Start of EXTRACTED INFORMATION

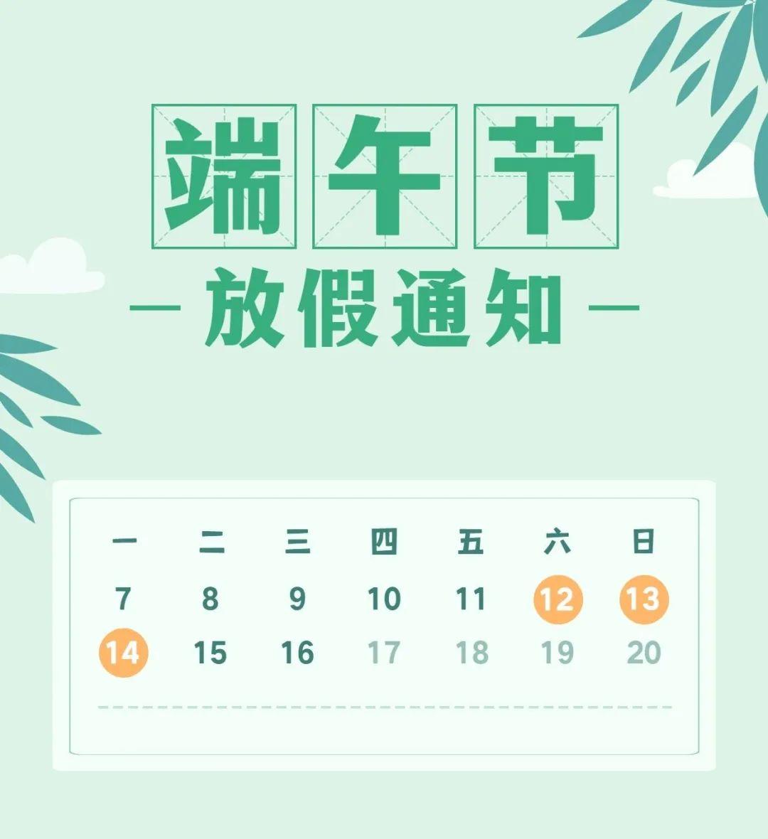 根据国家放假安排,2021年端午节假期为6月12日(周六)至6月14日(周一)共3天。
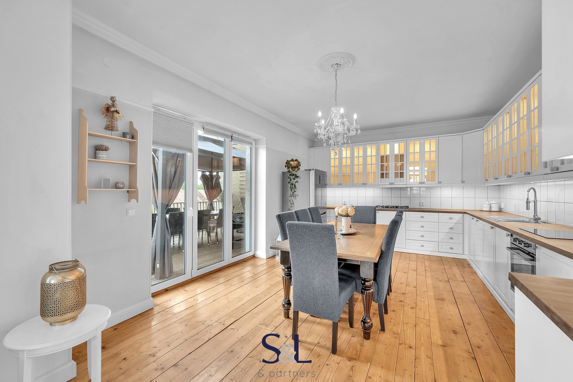 – prostorná kuchyně s jídelním stolem, plynovým i elektrickým sporákem, troubou, myčkou a přímým vstupem na terasu
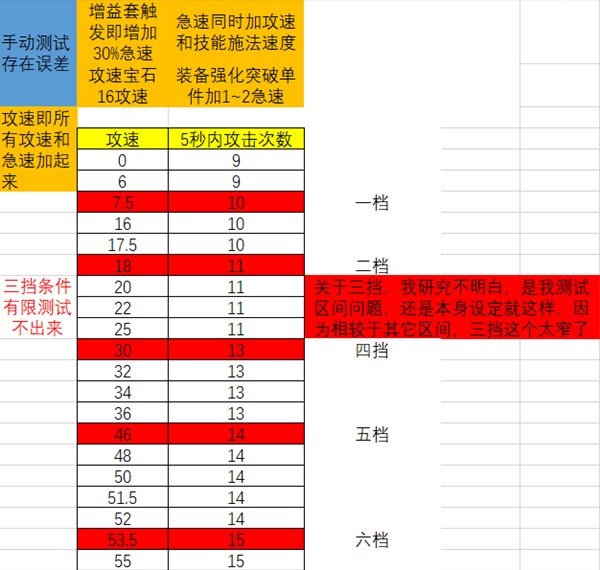 有人提到的攻速档位,其实暗黑老玩家都知道攻速档位的存在,档位简单理解就是,比如你现在每秒攻击2下,你面板加10%攻速但是没到档位,那么你的实际攻击次数还是每秒2下,当你加的攻速超过档位后,不如面板加10.5%的攻速,那么你才能每秒攻击3下。这方面还涉及的帧数,攻击间隔,这些讨论起来太复杂了,所以我的测试就按5秒内普攻的次数,简单明了,而且设备还有游戏装备条件有限(没办法一点一点攻速增加来测试,只能在一定范围内了)。
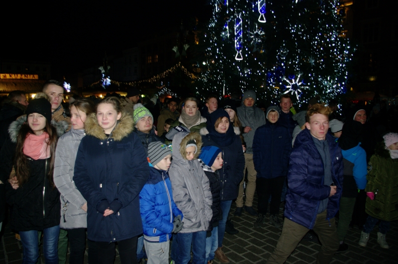 Na magicznie oświetlonym rynku, próbowaliśmy wyczarować śnieg - i proszę ... dziś rano w Połańcu prószy białe z nieba. To chyba serio nasze zaklęcia zadziałały ...
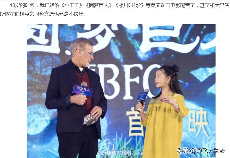 比如给《圆梦巨人》宣传照,配文是黄多多遇到大导演斯皮尔伯格都不怯场。

End of EXTRACTED INFORMATION

Your answer must be the exact lines of the records from the first one through the line containing "有人提到的攻速档位,其实暗黑", with no pictures in it.

### OUTPUT FOR THIS EXERCISE
 根据国家放假安排,2021年端午节假期为6月12日(周六)至6月14日(周一)共3天。
 – prostorná kuchyně s jídelním stolem, plynovým i elektrickým sporákem, troubou, myčkou a přímým vstupem na terasu
 有人提到的攻速档位,其实暗黑老玩家都知道攻速档位的存在,档位简单理解就是,比如你现在每秒攻击2下,你面板加10%攻速但是没到档位,那么你的实际攻击次数还是每秒2下,当你加的攻速超过档位后,不如面板加10.5%的攻速,那么你才能每秒攻击3下。这方面还涉及的帧数,攻击间隔,这些讨论起来太复杂了,所以我的测试就按5秒内普攻的次数,简单明了,而且设备还有游戏装备条件有限(没办法一点一点攻速增加来测试,只能在一定范围内了)。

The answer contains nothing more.